* What is expected:
The data must be reproduced verbatim; images are to be omitted.

··· Exercise data ···

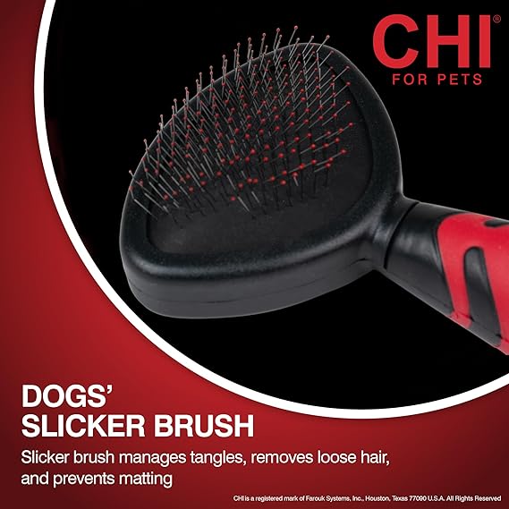 The Chi for Dogs Detangling Kit for Small Dogs features a detangling spray, a slicker brush, and a double-sided brush to remove stubborn tangles and mats, reduce shedding and leave the coat manageable, smooth and shiny. This kit includes CHI for Dogs detangling spray, CHI for Dogs Slicker Brush, and CHI for Dogs Double-Sided Brush. CHI delivers pets salon quality results right at home. Grooming products bring moisture and balance by penetrating the coat's cuticle and strengthening the fur follicles from the inside out. High quality grooming tools are designed to help restore hair's natural shine, reduce static electricity, minimize shedding, and manage tangles. CHI makes it easy for pets to luxuriate in softer, healthier and more beautiful coats.
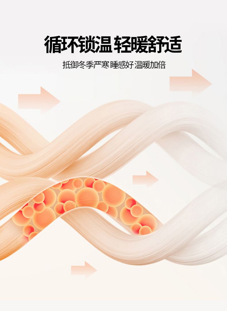 2.内芯填充优质羽丝棉,数千万根超细纤维如蒲公英绒朵般轻盈蓬松,形成亿万储热微气囊。不同于普通冬被的厚重压身,这款被子平衡保暖与轻盈,既能牢牢锁住体温,又保持空气流通性,整夜保持干爽舒宜。
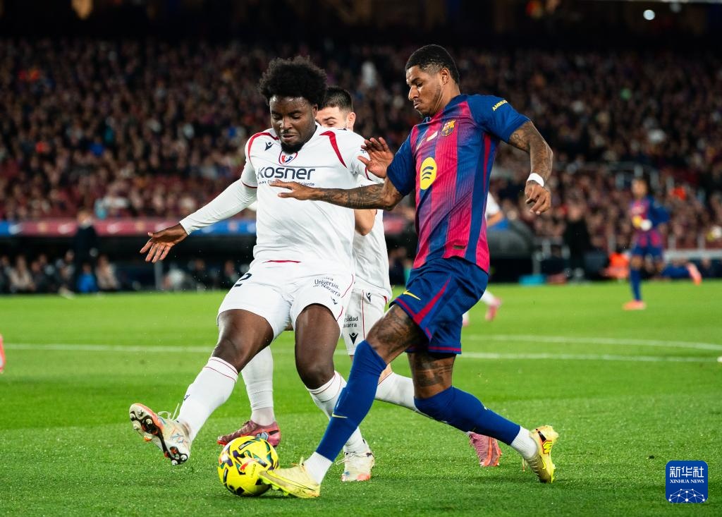 12月13日,巴塞罗那队球员拉什福德(右)与奥萨苏纳队球员恩佐·博约莫拼抢。
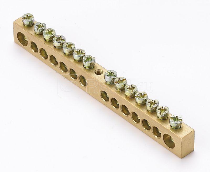 Шина нулевая серии ШН-101 Dekraft; исполнение – колодка на 14 зажимов; сечение – 8х12 мм; длина – 115 мм; максимальный ток – 125 А; материал – высококачественная электротехническая бронза; крепёж – по центру; кол-во в упаковке – 10 шт. Нулевая шина позволяет создать сразу несколько точек подключения нагрузок от общего ввода к нулевому проводнику, обеспечить неразрывность цепи на участке от заземления до конкретной нагрузки, а также выполнить разделение защитного и рабочего нулевых проводников.
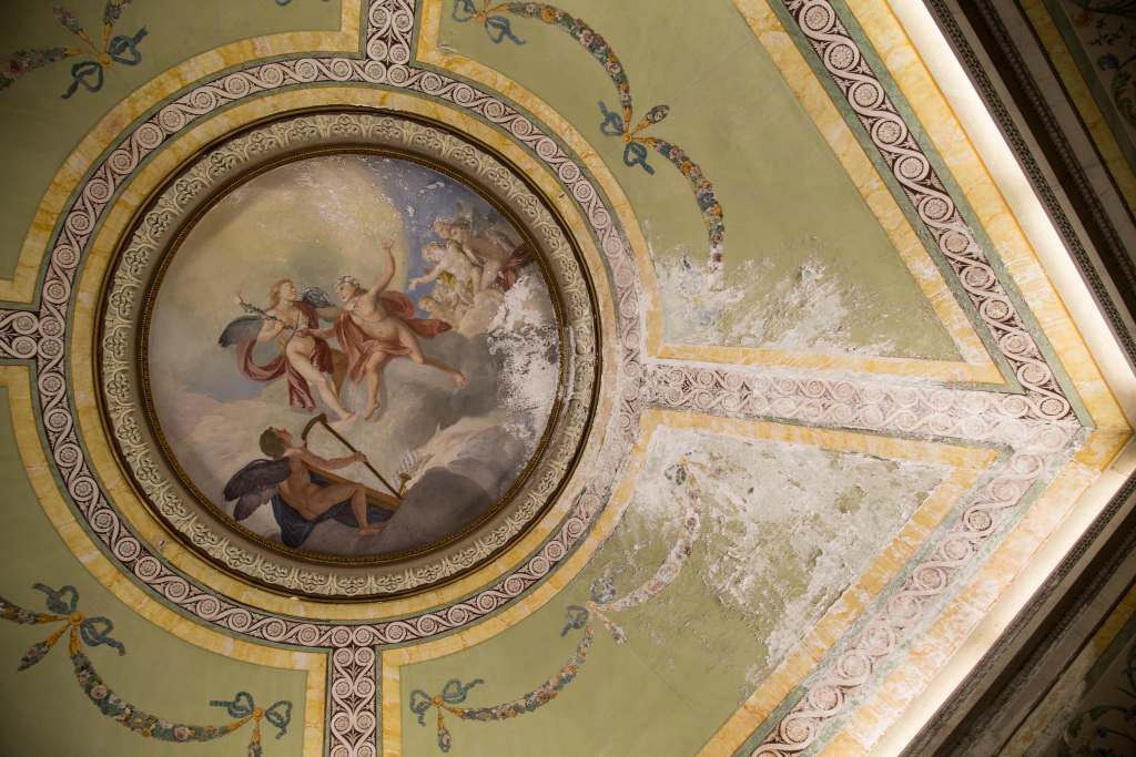 E la muffa dietro la porta di cui sopra? Nessuna allegoria: c’è e si trova nelle sale chiuse al pubblico del primo piano dove tra parquet che paiono composizioni dadaiste, grovigli di cavi e crepe monitorate da sistemi di sicurezza digitali.
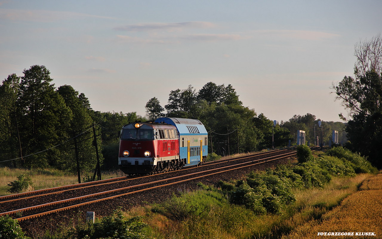 Ciekawostka tego dnia w postaci SU45-079 z pociągiem regio relacji Kostrzyn-Krzyż. Zdjęcie wykonane na szlaku Nowe Drezdenko-Krzyż. Na drugim planie most nad rzeką Drawa.
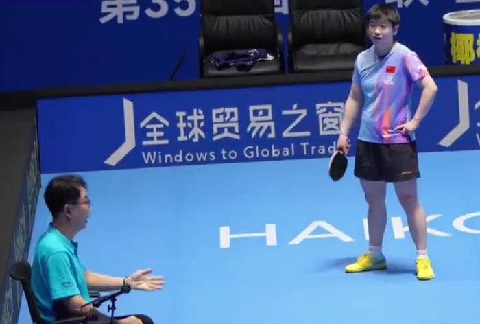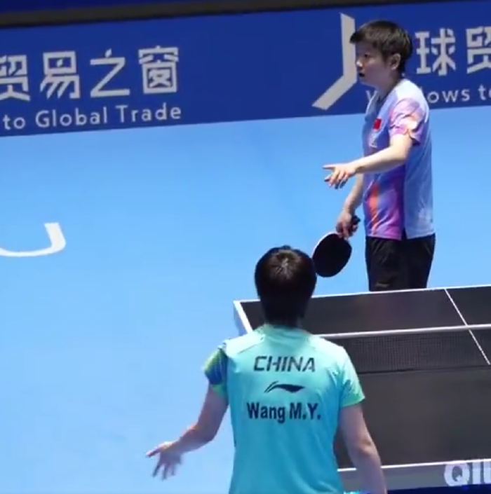 孙颖莎发现这一分已经给王曼昱加上后,孙颖莎向裁判申诉‘这球擦边了’,王曼昱好像没有看到这球,王曼昱有一个摊手的动作。
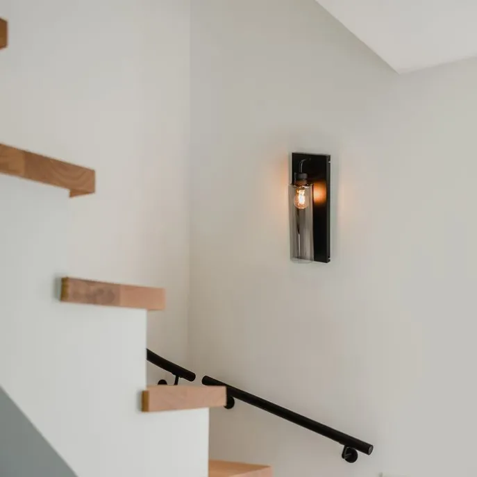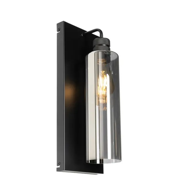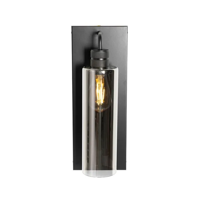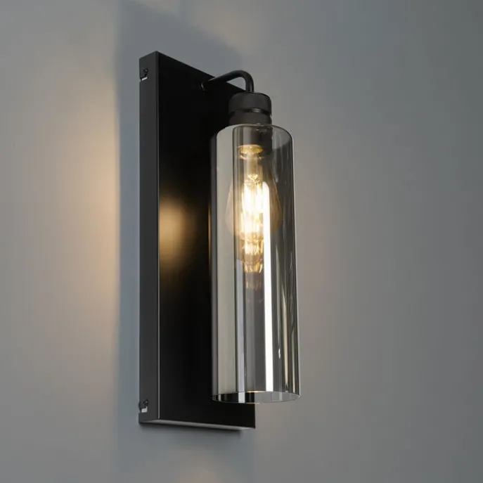 Moderne wandlamp zwart met smoke glas – Stavelot
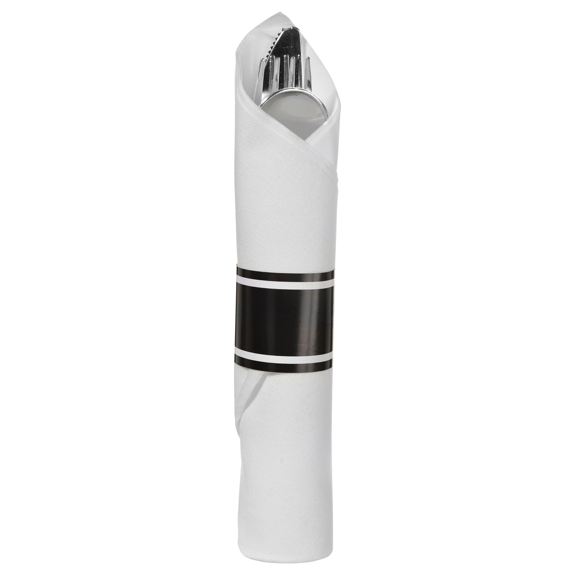 It's simple to set an attractive table with Rolled Cutlery Sets! Each set comes with a silver fork, knife, and spoon rolled in a super absorbent, white airlaid napkin. The plastic cutlery features a reflective metallic finish, and each set comes secured with a black band, ready to set on your table.
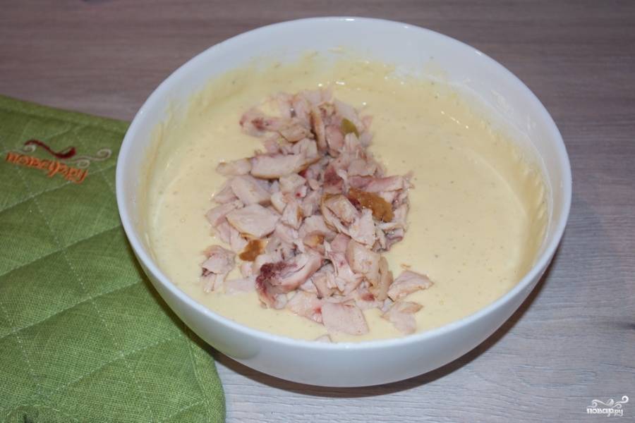 Куриное мясо нарезаем небольшими кусочками. Чем мельче мы его нарежим, тем приятнее будет его кушать в готовом пироге.
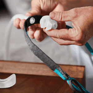 O sistema de encaixe da almofada na estrutura da máscara Pillow 3100 também possui ímãs com intensidade de campo 0,2 mT a 5 cm do dispositivo. O que torna a montagem e desmontagem, uma tarefa muito simples. Pois apenas com a aproximação da almofada na estrutura, já encaixa para iniciar a terapia.

···

* Result:
 The Chi for Dogs Detangling Kit for Small Dogs features a detangling spray, a slicker brush, and a double-sided brush to remove stubborn tangles and mats, reduce shedding and leave the coat manageable, smooth and shiny. This kit includes CHI for Dogs detangling spray, CHI for Dogs Slicker Brush, and CHI for Dogs Double-Sided Brush. CHI delivers pets salon quality results right at home. Grooming products bring moisture and balance by penetrating the coat's cuticle and strengthening the fur follicles from the inside out. High quality grooming tools are designed to help restore hair's natural shine, reduce static electricity, minimize shedding, and manage tangles. CHI makes it easy for pets to luxuriate in softer, healthier and more beautiful coats.
 2.内芯填充优质羽丝棉,数千万根超细纤维如蒲公英绒朵般轻盈蓬松,形成亿万储热微气囊。不同于普通冬被的厚重压身,这款被子平衡保暖与轻盈,既能牢牢锁住体温,又保持空气流通性,整夜保持干爽舒宜。
 12月13日,巴塞罗那队球员拉什福德(右)与奥萨苏纳队球员恩佐·博约莫拼抢。
 Шина нулевая серии ШН-101 Dekraft; исполнение – колодка на 14 зажимов; сечение – 8х12 мм; длина – 115 мм; максимальный ток – 125 А; материал – высококачественная электротехническая бронза; крепёж – по центру; кол-во в упаковке – 10 шт. Нулевая шина позволяет создать сразу несколько точек подключения нагрузок от общего ввода к нулевому проводнику, обеспечить неразрывность цепи на участке от заземления до конкретной нагрузки, а также выполнить разделение защитного и рабочего нулевых проводников.
 E la muffa dietro la porta di cui sopra? Nessuna allegoria: c’è e si trova nelle sale chiuse al pubblico del primo piano dove tra parquet che paiono composizioni dadaiste, grovigli di cavi e crepe monitorate da sistemi di sicurezza digitali.
 Ciekawostka tego dnia w postaci SU45-079 z pociągiem regio relacji Kostrzyn-Krzyż. Zdjęcie wykonane na szlaku Nowe Drezdenko-Krzyż. Na drugim planie most nad rzeką Drawa.
 孙颖莎发现这一分已经给王曼昱加上后,孙颖莎向裁判申诉‘这球擦边了’,王曼昱好像没有看到这球,王曼昱有一个摊手的动作。
 Moderne wandlamp zwart met smoke glas – Stavelot
 It's simple to set an attractive table with Rolled Cutlery Sets! Each set comes with a silver fork, knife, and spoon rolled in a super absorbent, white airlaid napkin. The plastic cutlery features a reflective metallic finish, and each set comes secured with a black band, ready to set on your table.
 Куриное мясо нарезаем небольшими кусочками. Чем мельче мы его нарежим, тем приятнее будет его кушать в готовом пироге.
 O sistema de encaixe da almofada na estrutura da máscara Pillow 3100 também possui ímãs com intensidade de campo 0,2 mT a 5 cm do dispositivo. O que torna a montagem e desmontagem, uma tarefa muito simples. Pois apenas com a aproximação da almofada na estrutura, já encaixa para iniciar a terapia.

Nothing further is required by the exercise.